In the entries below, find the line with "胖东来同款晶钻不沾炒锅多功能炒锅不沾锅不锈钢铁锅瓦斯炉平底锅 限时特惠钻石炒锅无盖 28cm" and the line with "Pontianak, 07 Oktober". Print those two and everything between them exactly, and nothing else.

→ **DATA FOR REVIEW**:
*** Begin section ***

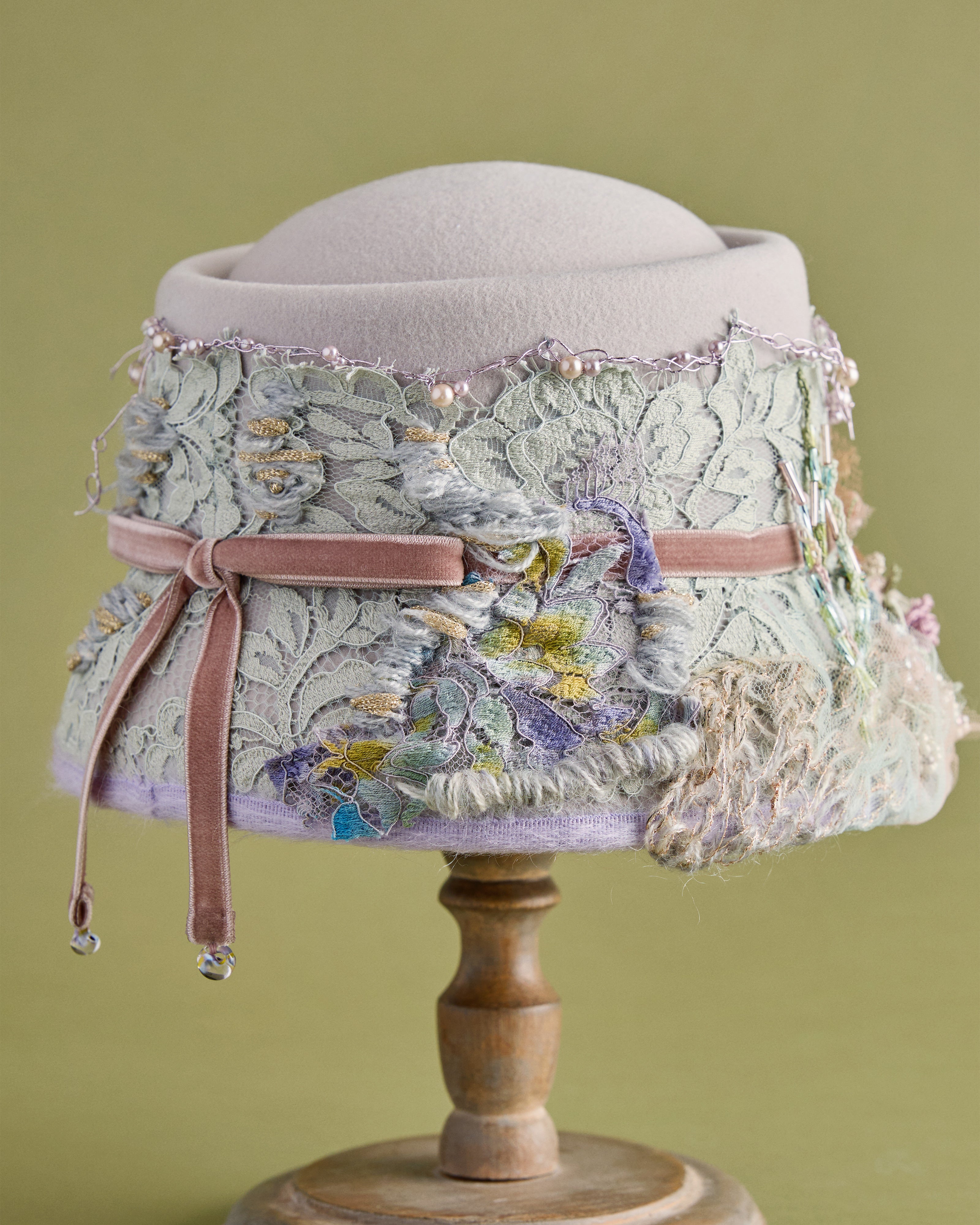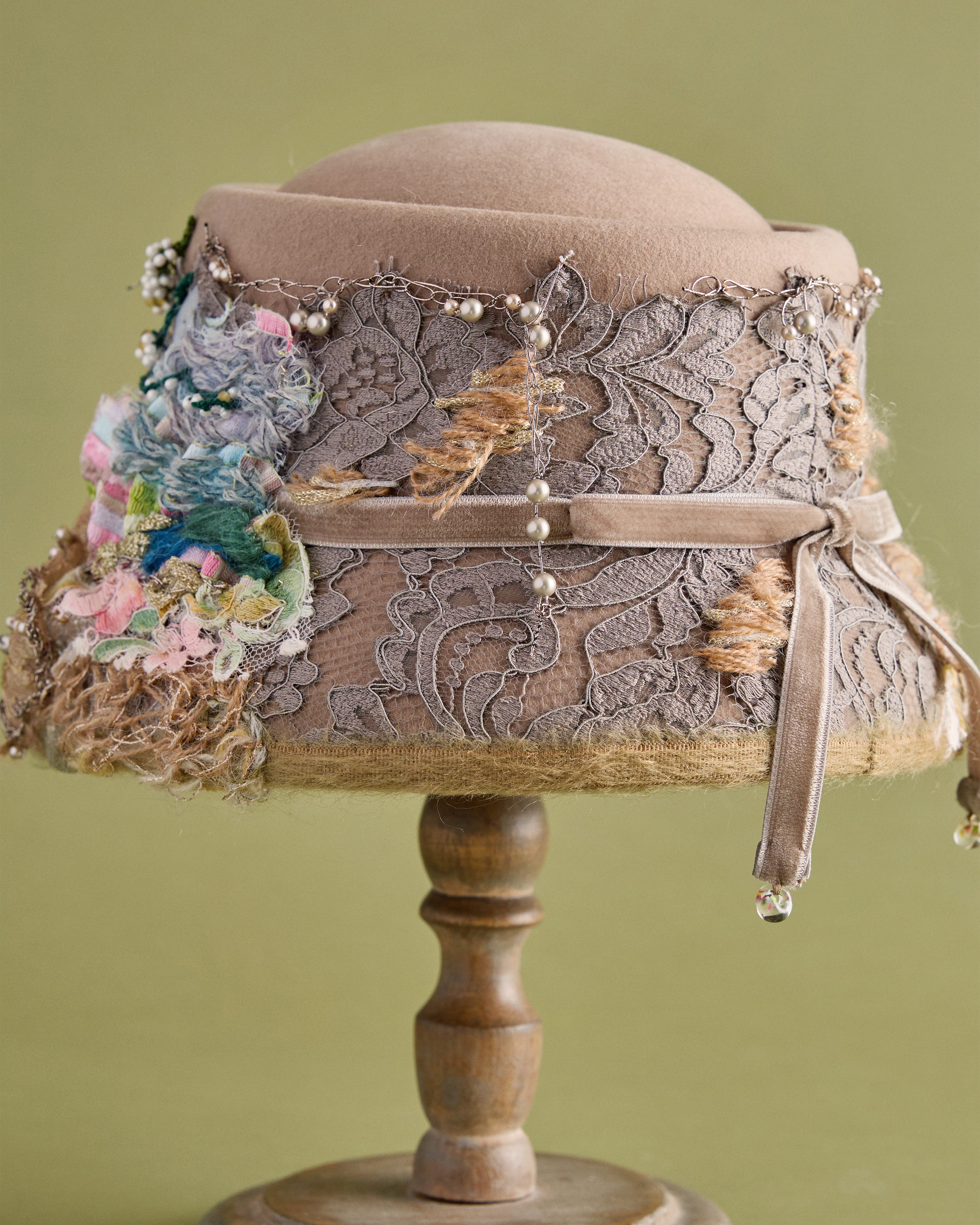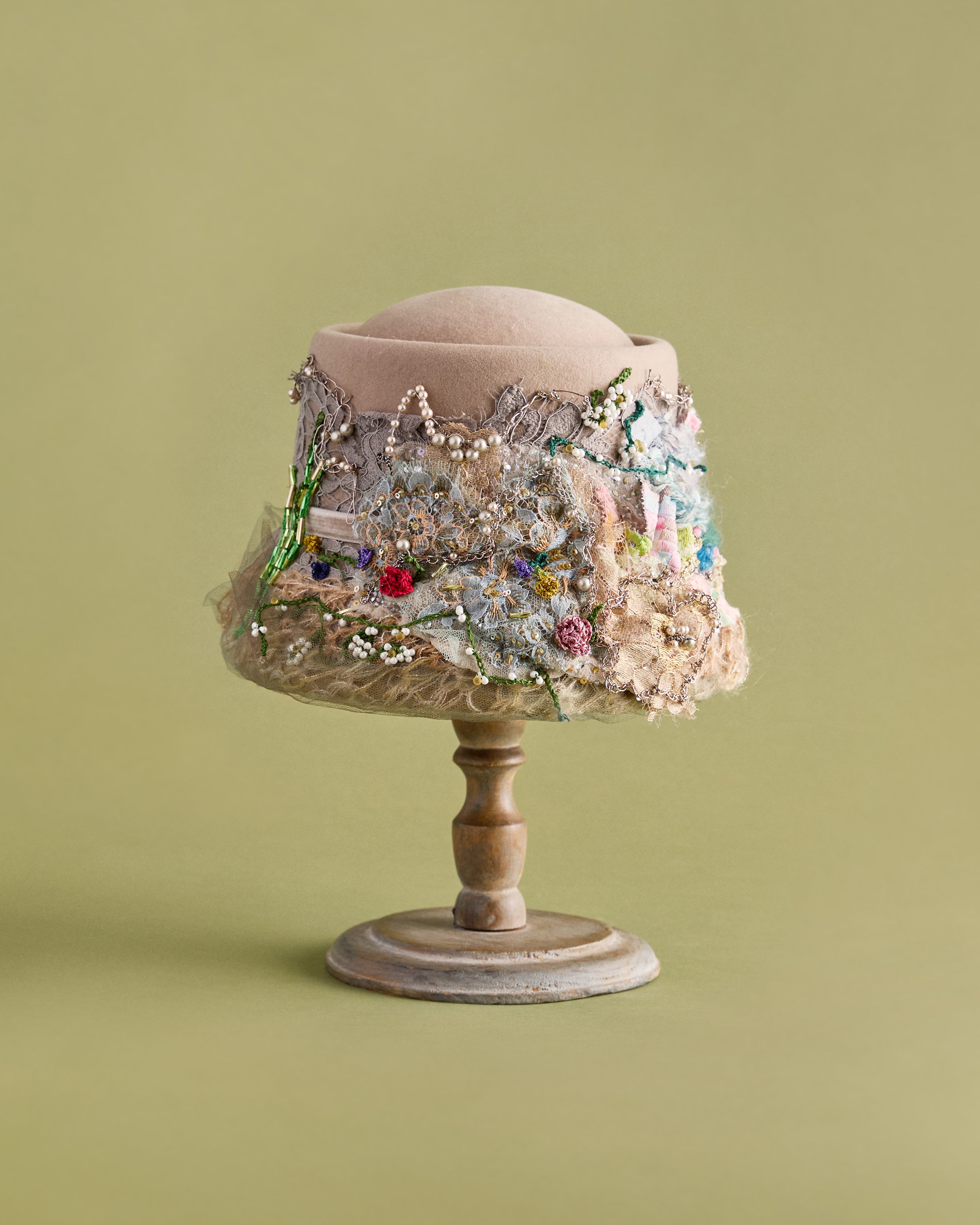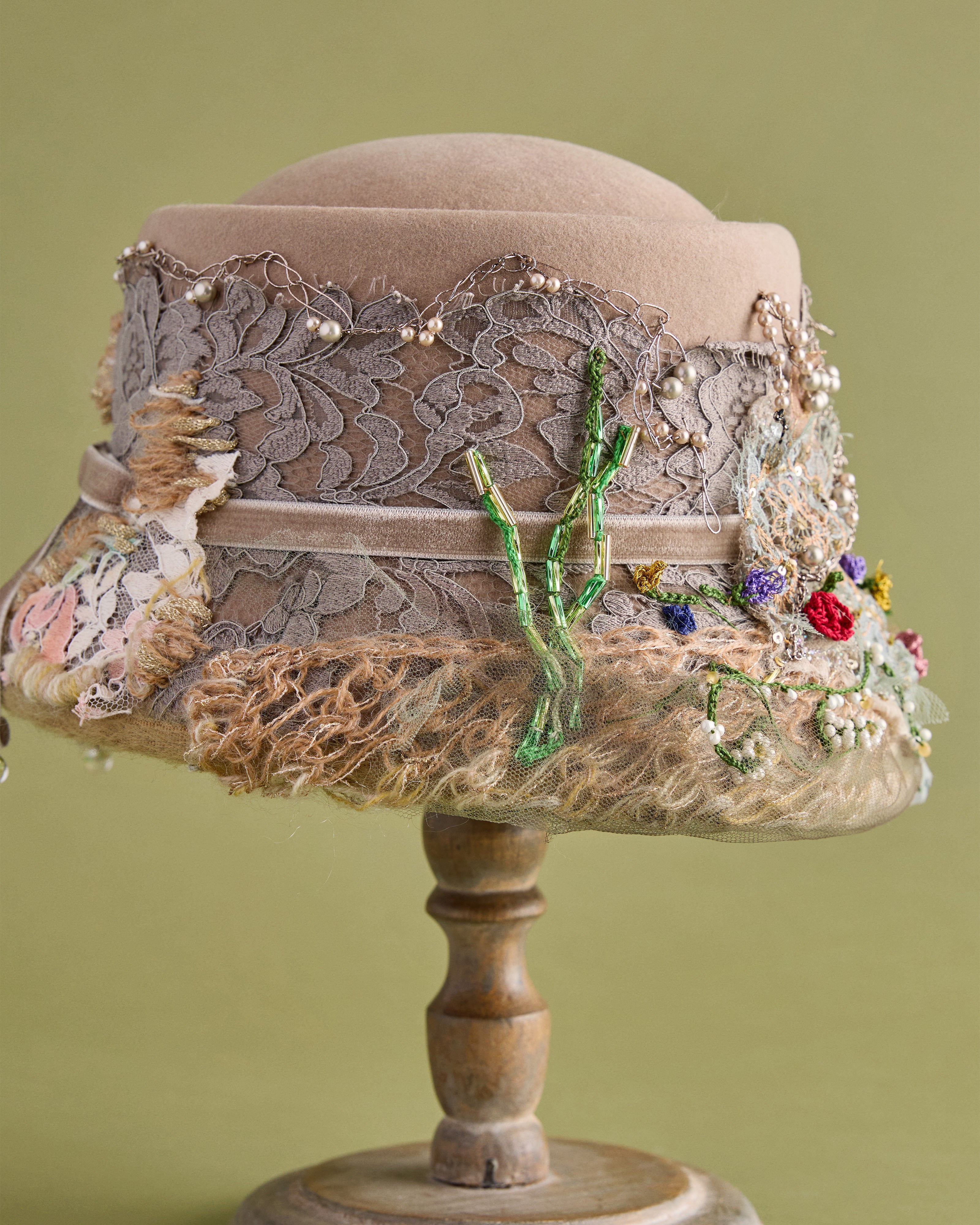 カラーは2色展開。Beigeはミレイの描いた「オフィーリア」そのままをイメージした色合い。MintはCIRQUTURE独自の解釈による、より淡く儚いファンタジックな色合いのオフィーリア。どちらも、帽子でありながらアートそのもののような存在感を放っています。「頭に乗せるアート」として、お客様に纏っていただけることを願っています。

*** End section ***
*** Begin section ***

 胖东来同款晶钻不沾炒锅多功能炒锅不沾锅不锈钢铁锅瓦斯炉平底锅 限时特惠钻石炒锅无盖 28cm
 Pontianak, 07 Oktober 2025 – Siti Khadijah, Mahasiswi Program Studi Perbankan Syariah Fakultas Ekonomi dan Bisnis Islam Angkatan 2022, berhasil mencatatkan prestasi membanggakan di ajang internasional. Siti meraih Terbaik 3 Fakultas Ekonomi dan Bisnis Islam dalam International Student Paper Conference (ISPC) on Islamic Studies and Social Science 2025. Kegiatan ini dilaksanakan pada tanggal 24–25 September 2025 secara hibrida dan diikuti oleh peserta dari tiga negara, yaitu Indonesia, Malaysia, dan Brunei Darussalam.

*** End section ***

→ **EXPECTED ANSWER**:
 胖东来同款晶钻不沾炒锅多功能炒锅不沾锅不锈钢铁锅瓦斯炉平底锅 限时特惠钻石炒锅无盖 28cm
 Pontianak, 07 Oktober 2025 – Siti Khadijah, Mahasiswi Program Studi Perbankan Syariah Fakultas Ekonomi dan Bisnis Islam Angkatan 2022, berhasil mencatatkan prestasi membanggakan di ajang internasional. Siti meraih Terbaik 3 Fakultas Ekonomi dan Bisnis Islam dalam International Student Paper Conference (ISPC) on Islamic Studies and Social Science 2025. Kegiatan ini dilaksanakan pada tanggal 24–25 September 2025 secara hibrida dan diikuti oleh peserta dari tiga negara, yaitu Indonesia, Malaysia, dan Brunei Darussalam.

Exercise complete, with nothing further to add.